Please note that all guidance is currently under review and some may be out of date. We recommend that you also refer to more contemporaneous evidence in the interim.

Hypothyroidism in neonates is characterised by decreased thyroid hormone production, in rare cases no thyroid hormones are produced.

Transient disorders of thyroid function are more common than true congenital hypothyroidism, especially in preterm infants.

When thyroid-stimulating hormone (TSH) levels are elevated treatment with thyroxine (either long or short term) is usually indicated.

Congenital hypothyroidism

In Australia the incidence of congenital hypothyroidism is 1:3000-3600 with some geographic variation.

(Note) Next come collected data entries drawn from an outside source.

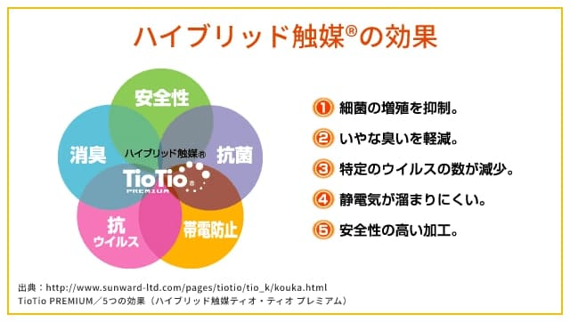ハイブリッド触媒®の効果 1.細菌の増殖を抑制。 2.いやな臭いを軽減。 3.特定のウイルスの数が減少。 4.静電気が溜まりにくい。 5.安全性の高い加工。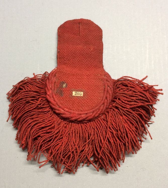 Rood wollen epaulet, afgezet met franje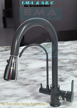 Arıtmalı Spiralli Mutfak Evye Bataryası Antrasit Krom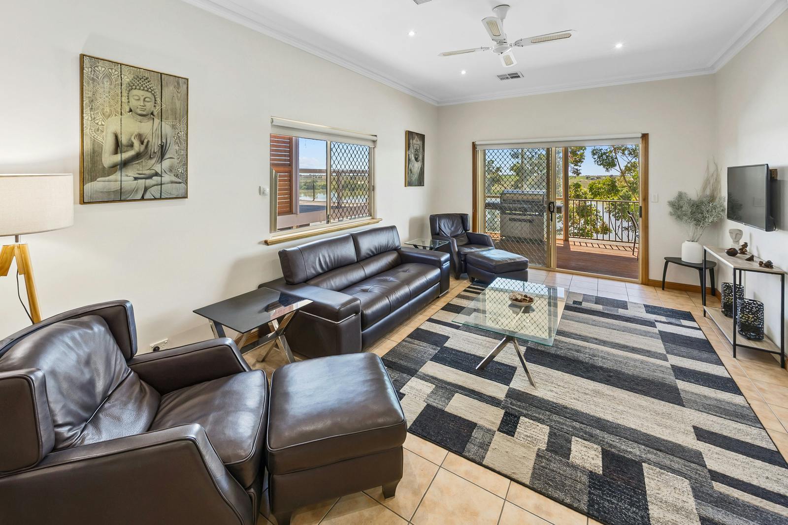 Offering three generous bedrooms. The main suite is a true retreat, featuring a walk-in robe, ensuite, ceiling fan, and sliding doors that open directly to the decked entertaining area-allowing you to wake up to peaceful river vistas each morning. Bedrooms two and three are of good size and are fitted with built-in robes and ceiling fans.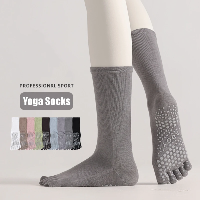 1 Pairs Woman Yoga Socks Candy Color Cotton Silicone Non-Slip Split Toe Pilates Socks Outdoor Cycling Five Finger Sports Socks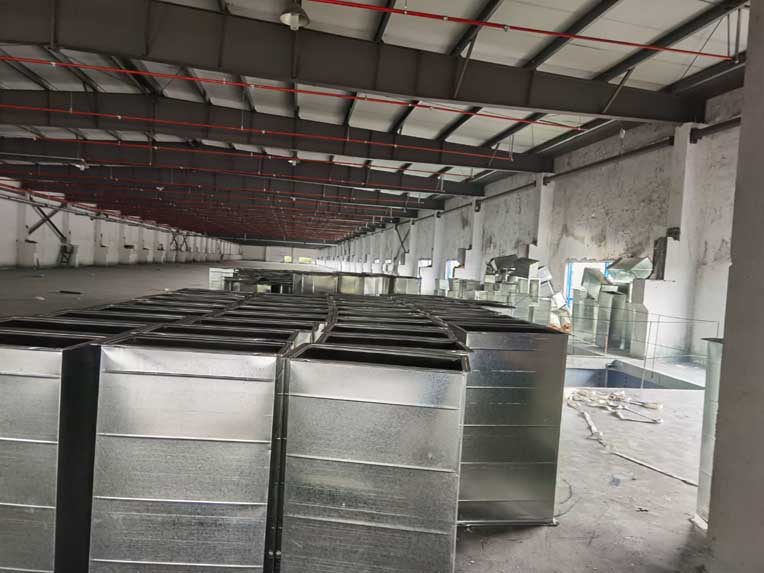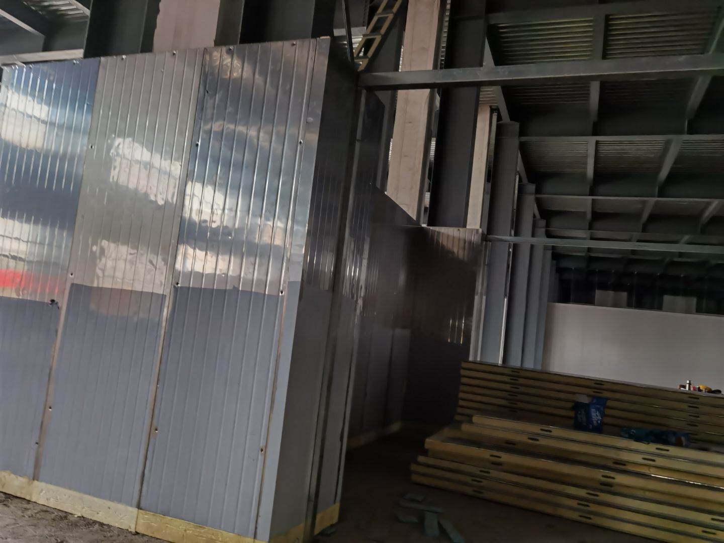 1,一樓地槽 彩板 吊筋安裝 2,一樓鋼構頂刷漆 3,一層鋼構平臺施工 4,西邊室外雨水管安裝 5,一樓凍庫門體安裝 6,一樓空調風管吊裝 7,二樓空調柜機吊裝 8,電梯施工

Causes and incidence of hypothyroidism:

  • 75 per cent due to dysgenesis (gland development)
    • agenesis
    • ectopia
  • 10 per cent due to dyshormonogenesis (thyroid hormone biosynthesis)
    • often autosomal recessive
    • Pendred's syndrome = peroxidase deficiency associated with sensorineural deafness
  • 5 per cent due to hypothalamic-pituitary (H-P) deficiency
    • secondary hypothyroidism
    • tertiary hypothyroidism
  • 10 per cent due to intrauterine causes
    • iodine exposure
    • maternal antithyroid antibodies.

Presentation

Issues to note regarding the presentation of hypothyroidism:

  • The usual mode of presentation is by the finding of an elevated TSH detected on the newborn screening test (NST) taken at 48-72 hours (except in secondary or tertiary disease).
  • Neonates are often subclinically affected and only detected on routine newborn screening.
  • Clinical features may include:
    • dry skin
    • hoarse cry
    • constipation
    • puffy face
    • prominent tongue
    • listless
    • umbilical hernia
    • hypothermia
    • bradycardia
    • failure to thrive.
  • Neonates may also present with jaundice due to an unconjugated hyperbilirubinaemia (glucronyl transferase deficiency).
  • Gene mutations have been implicated in all forms of congenital hypothyroidism and in some cases result in an expanded phenotype including respiratory distress, choanal atresia, renal malformation and mental delay (independent of degree of hypothyroidism).

 

History and examination

When hypothyroidism is suspected or confirmed check for:

  • mother - diet, medication history, autoimmune disease
  • baby - signs and symptoms of congenital hypothyroidism, jaundice, goitre, growth parameters or other congenital problems.

 

Investigation for hypothyroidism

Confirmatory investigations include:

  • T4 and TSH levels
  • serum bilirubin (SBR) if clinically indicated
  • thyroid scan (showing absent, lingual or increased uptake of radioisotope).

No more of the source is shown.